The reason why I am digging into this is that the behavior in rpy2 is not consistent with that in R. In R, both fun = and FUN = produce output, but in rpy2, only FUN = produces output; fun = throws an error that RRuntimeError: Error in as.character(substitute(fun)) : cannot coerce type 'closure' to vector of type 'character'

Thus, the need to dig into the source to figure why this is not working as expected.

EDIT

The python lines that succeed and fail, are respectively (I created a package in R called gms.test, which contains the function/closure sf):

from rpy2.robjects import pandas2ri
import rpy2.robjects as ro
from rpy2.robjects.packages import importr
pandas2ri.activate()
gms = importr("gms.test")
hmisc = importr('Hmisc')
base = importr('base', robject_translations={'with': '_with'})
stats = importr('stats', robject_translations={'format_perc': '_format_perc'})

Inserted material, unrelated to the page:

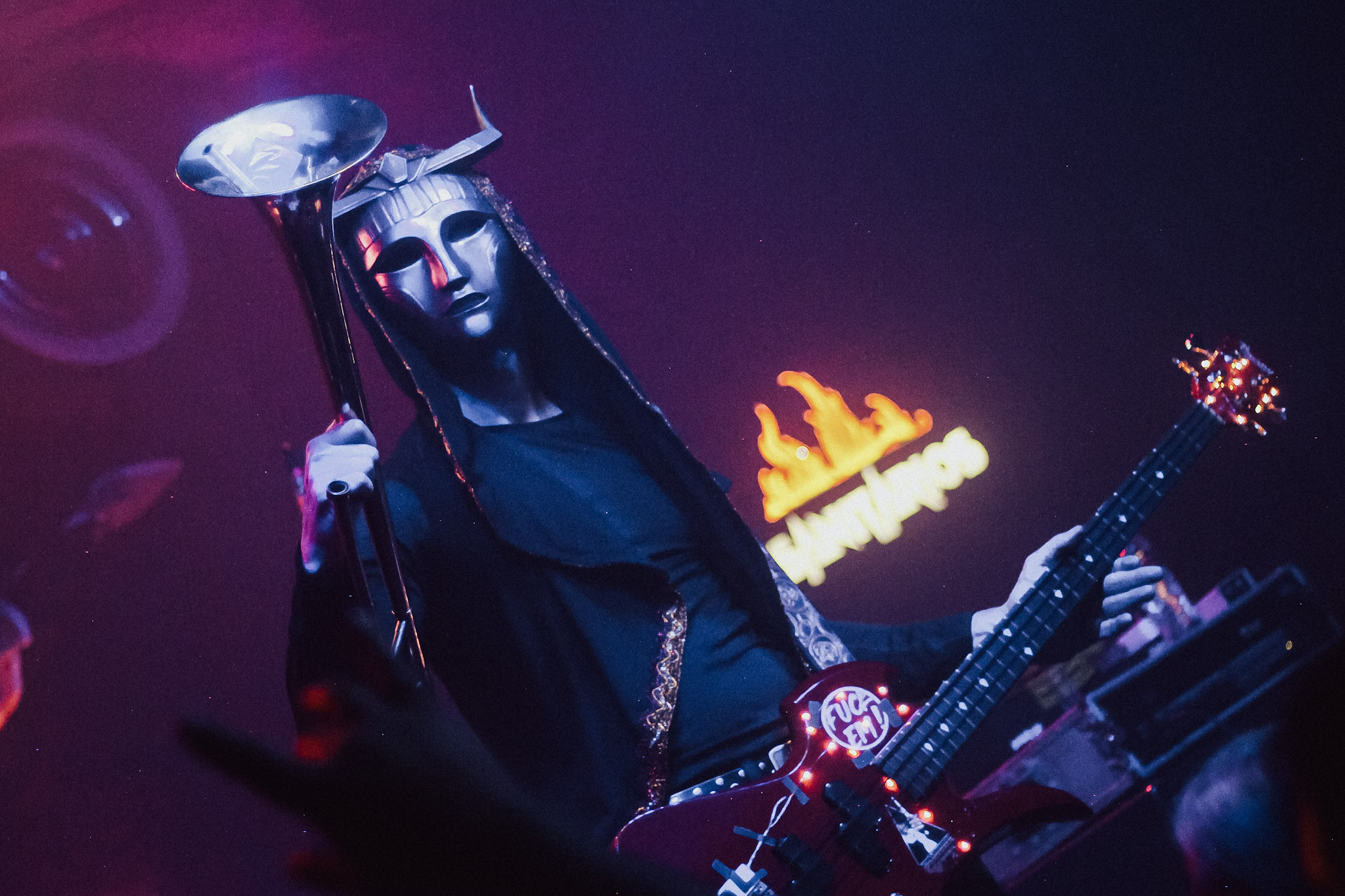 Ao vivo, músicas como Chernobyl Blues e Hotel Sphinx ganham uma dimensão ainda mais teatral, reforçando o caráter cinematográfico que atravessa toda a estética do Imperial Triumphant. Nada ali soa improvisado ou gratuito. Cada movimento, cada camada sonora e cada silêncio parecem fazer parte de uma narrativa maior. Industry of Misery e Swarming Opulence encerraram o set consolidando a sensação de um caos cuidadosamente arquitetado, potencializado pelos elementos visuais da turnê, como o espumante jogado na galera e a já conhecida aparição do trompete em chamas, recurso que reforça o impacto visual e dialoga com o imaginário grandioso e decadente da banda. Foi um show intenso, técnico e absolutamente convincente, que justificou todas as expectativas em torno dessa estreia brasileira.

r_consult_case_control = pandas2ri.py2ri(consult_case_control)
formula = stats.as_formula('es_score ~ n + raingarden + consult_case')

formula.getenvironment()['es_score'] = r_consult_case_control.rx2('es_score')
formula.getenvironment()['n'] = r_consult_case_control.rx2('n')
formula.getenvironment()['raingarden'] = r_consult_case_control.rx2('raingarden')
formula.getenvironment()['consult_case'] = r_consult_case_control.rx2('consult_case')

# succeeds:
base._with(r_consult_case_control, ro.r.summary(formula, FUN=gms.sf))

# fails with given error:
base._with(consult_case_control, ro.r.summary(formula, fun=gms.sf))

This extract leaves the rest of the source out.